Coccidioidomycosis is a spectrum of diseases caused by the dimorphic fungi Coccidioides. Current regimens for severe or disseminated disease include fluconazole, itraconazole, or amphotericin; newer triazoles (ie, voriconazole, posaconazole) have been demonstrated to be useful in refractory disease. Previous reported experience with combination triazole and caspofungin therapy has been very limited; however, the utility of this combination for treatment of other invasive fungal diseases suggests potential benefit in refractory coccidioidomycosis.


We conducted a retrospective review of 9 pediatric patients treated with combination voriconazole and caspofungin (V/C) salvage therapy for refractory coccidioidomycosis at two children's hospitals between January 2000 and June 2012.

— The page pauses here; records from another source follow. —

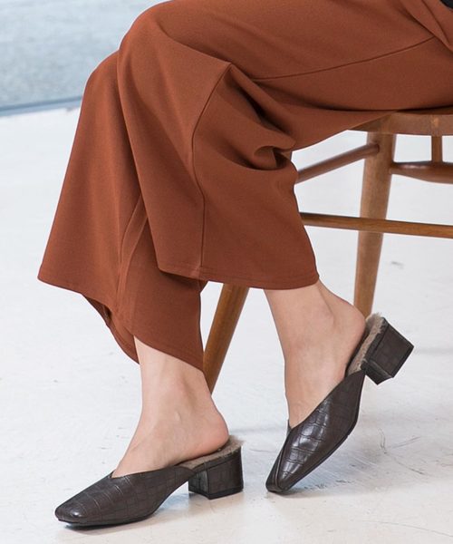 トレンドのスクエアトゥのミュール。中敷きにはファーを施して、足当たりも心地良い一足◎靴を脱いでもお洒落な印象に。晩夏~秋に履きたい大人っぽいシューズ。きれいめからカジュアルまで幅広いコーデにマッチします。【素材・サイズ感】S~LLの4サイズ展開。スムース・クロコ風生地で高見え。チャンキーヒールで安定感ある履き心地◎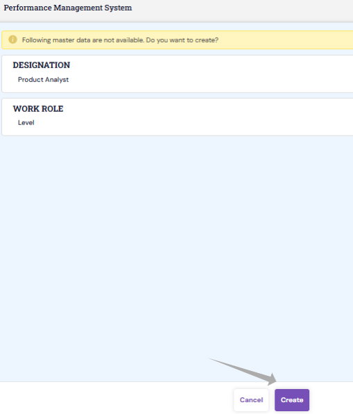 Note: If the selected designation or work role is not available in the PMS, a pop-up message will appear stating that the data is not available in the master list and will prompt you to create a new designation/work role.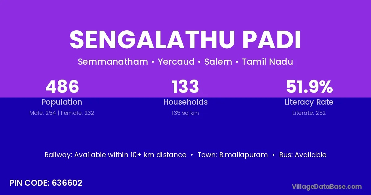 Sengalathu Padi village has a total population of 486 people, of which 254 are males and 232 are females.

Nine children with refractory coccidioidomycosis were treated with V/C salvage therapy after failing conventional therapy consisting of a triazole, amphotericin B, or a combination of both. Eight of the 9 patients are currently in remission; 1 patient with central nervous system involvement continues to progress.


We report our positive clinical experience treating medically refractory coccidioidomycosis in the pediatric population with concurrent voriconazole and caspofungin therapy. Additional in vitro and in vivo evaluations are warranted to support the role of V/C salvage therapy for refractory coccidioidomycosis.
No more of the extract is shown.